Every consultation we run starts with undoing at least one of these myths. Some are harmless; others cause buyers to spend 20% more than they need to or walk away from solar that would have paid back in five years. Here are the ten we encounter most.
Myth 1: Solar doesn't work when it's cloudy
It works at reduced capacity — typically 20–40% of rated output on a heavily overcast day. You're still buying less from the grid. What matters is annual production, not performance on any single day.
Myth 2: Solar panels need direct sunlight to produce anything
Related to myth 1 but worth separating. Panels produce from diffuse light too — just less of it. This is why a panel under mild shade still produces something, and why cloudy regions with long daylight hours can still have decent solar economics.
Myth 3: Solar means zero electricity bills
Usually not. A well-sized grid-tied system typically offsets 60–90% of your annual consumption. Offsetting 100% requires either a larger system than your roof can fit, a battery, or accepting that you're over-producing during the day and buying back at night at a different rate.
Myth 4: Panels only last 10 years
Modern tier-1 panels carry 25-year performance warranties — typically guaranteed to produce at least 80–85% of their original rating after 25 years. Real-world performance is usually better. Inverters have shorter lives (10–12 years typically) and need to be budgeted as a mid-life replacement.
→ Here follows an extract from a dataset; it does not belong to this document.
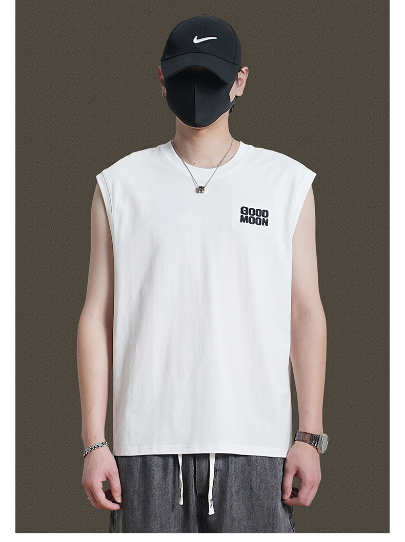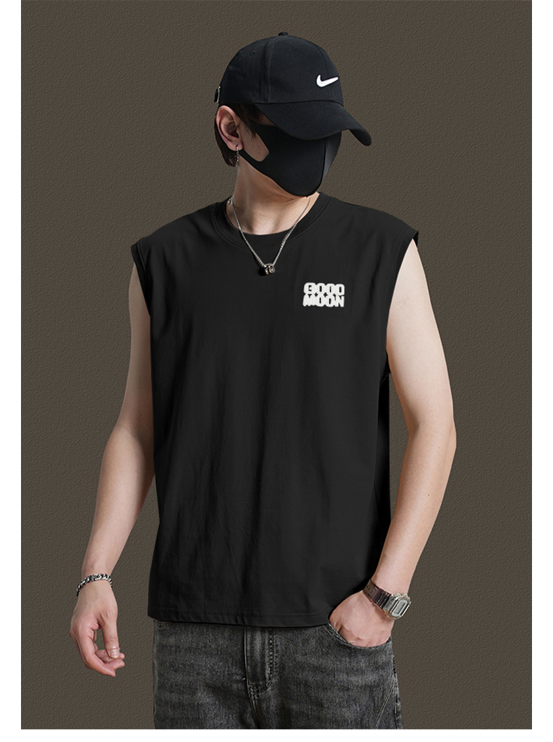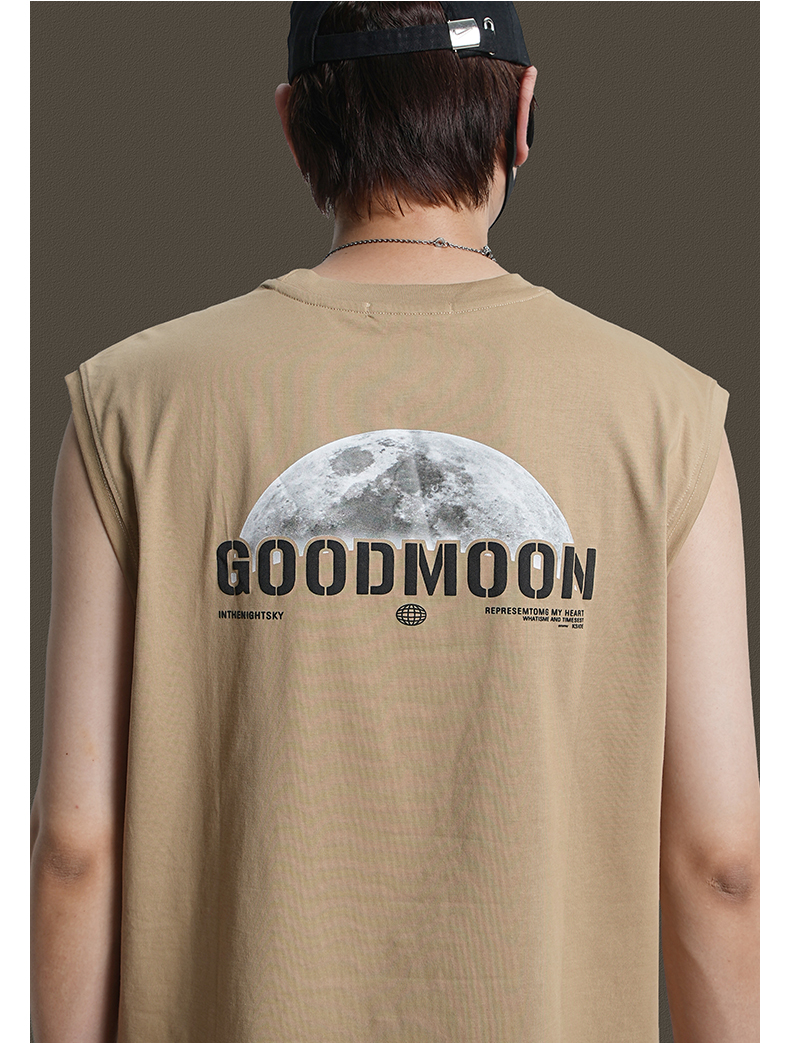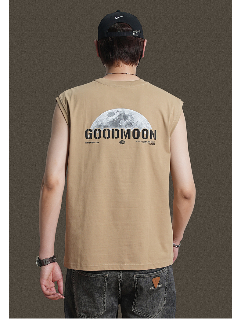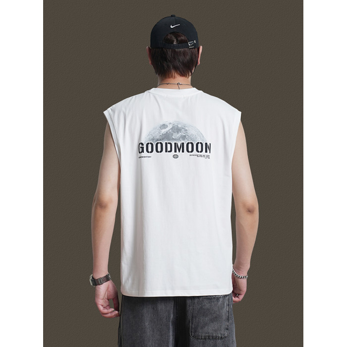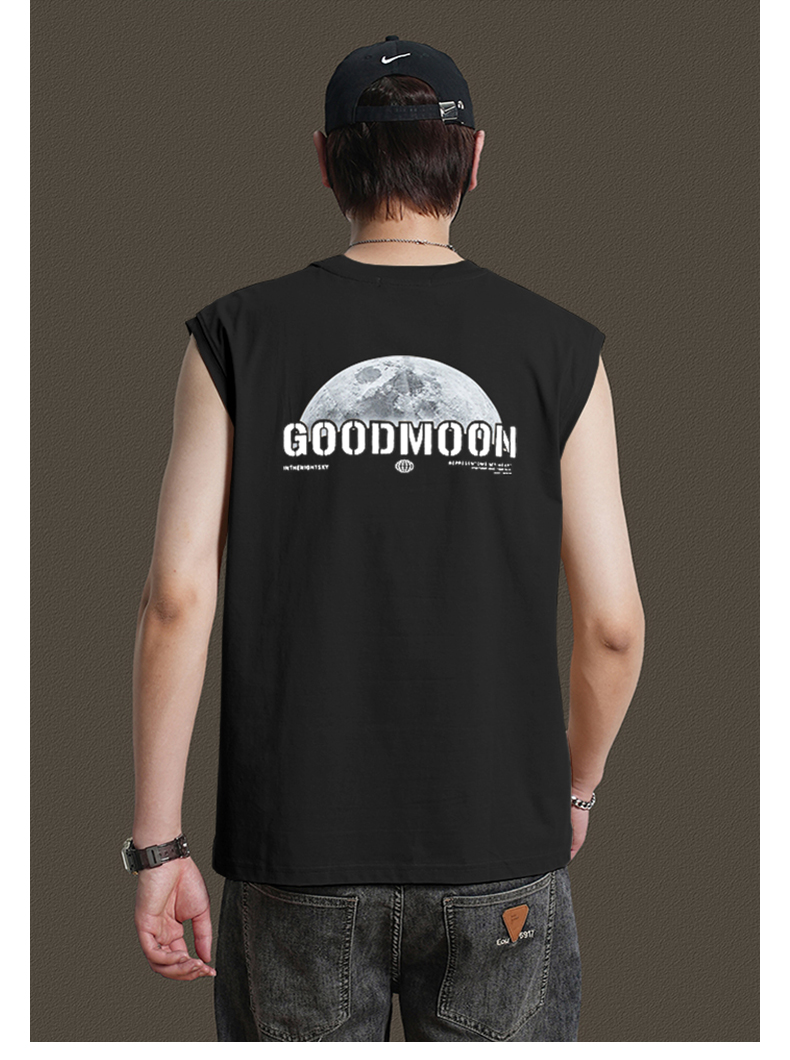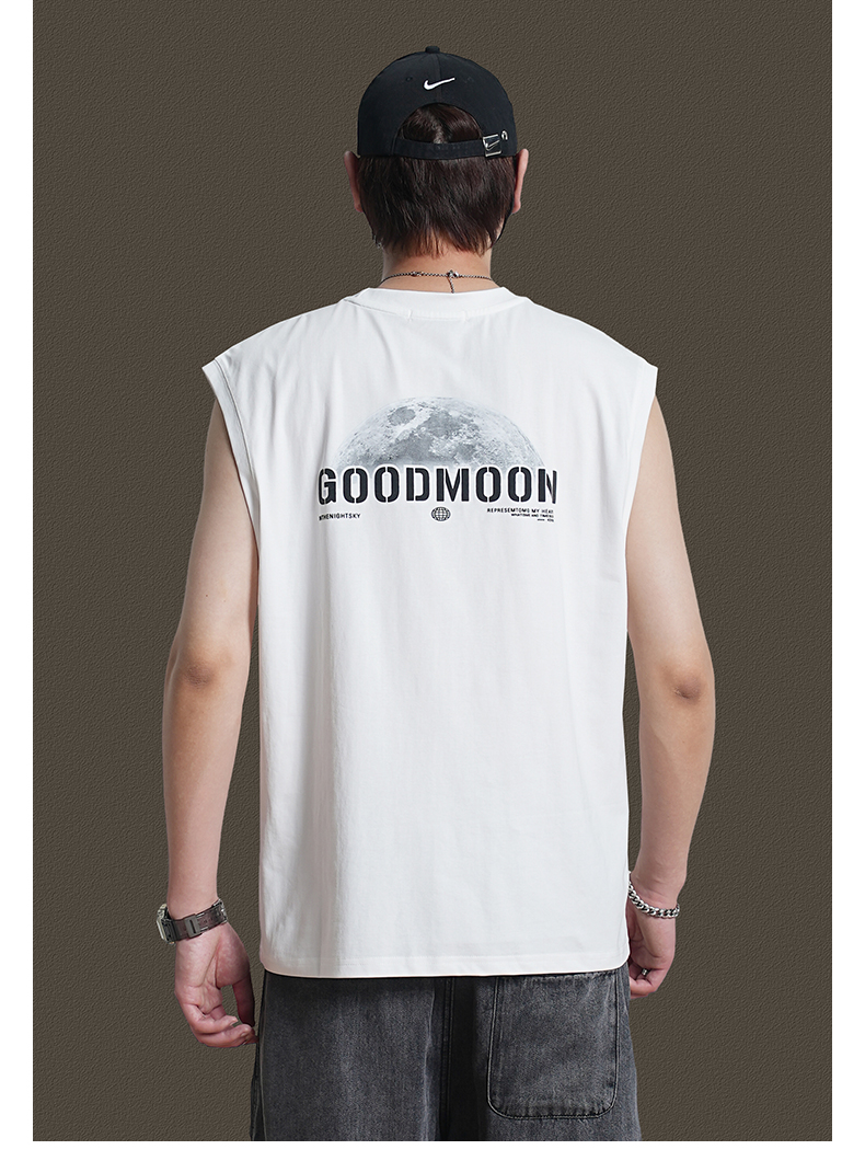 美式重磅純棉背心男士夏季圓領無袖T恤休閒背心刺綉背後月球印花

When someone quotes you a 25-year system payback, ask whether they've factored in an inverter replacement at year 10–12. A proper financial model shows it as a line item. A bad model hides it.
Myth 5: Solar panels are fragile
They're rated for significant hail impact, high wind loads, and sit outside for 25 years without complaint. What breaks panels is usually installation damage (people stepping on them) or catastrophic weather (large tree branches). In day-to-day terms, they're tougher than the roof under them.
Myth 6: You need to clean panels constantly
For most residential and commercial roofs, rainfall handles routine cleaning. In dusty or arid environments, scheduled cleaning (2–4 times a year) improves output noticeably. In monsoon climates, the opposite problem — you might want to clean less because the rain handles it.
Myth 7: Solar works during a blackout
A standard grid-tied system shuts off during a blackout for safety reasons — to prevent back-feeding power into the grid while utility workers are repairing it. If you want backup during outages, you need a hybrid inverter with battery storage, or an islanding-capable system with automatic transfer switch.
Myth 8: Batteries are essential
They're essential for some use cases (off-grid sites, frequent outages, specific tariff structures), optional for many others. In markets with reliable grid and favourable net-metering, batteries often don't pay back before their own end of life. Don't assume you need them.
Myth 9: Bigger is always better
Oversized systems that export huge surpluses at zero or near-zero compensation aren't automatically good. The right system size depends on your consumption pattern, your utility's export rules, and how much capex you want to commit. Sometimes a smaller system has better ROI.
Myth 10: All installers are basically the same
They aren't. Two systems with identical panel counts and identical kWp ratings can produce 20% different annual output because of design choices — inverter matching, cable sizing, string layout, mounting angle. The hardware is maybe 60% of the outcome. The design and installation quality is the other 40%.
The underlying pattern
Most of these myths exist because solar is often sold by people who are incentivised to make it sound simple. The reality is that solar is excellent technology with genuine nuance — and once you understand the nuance, the good-faith installers become easier to spot.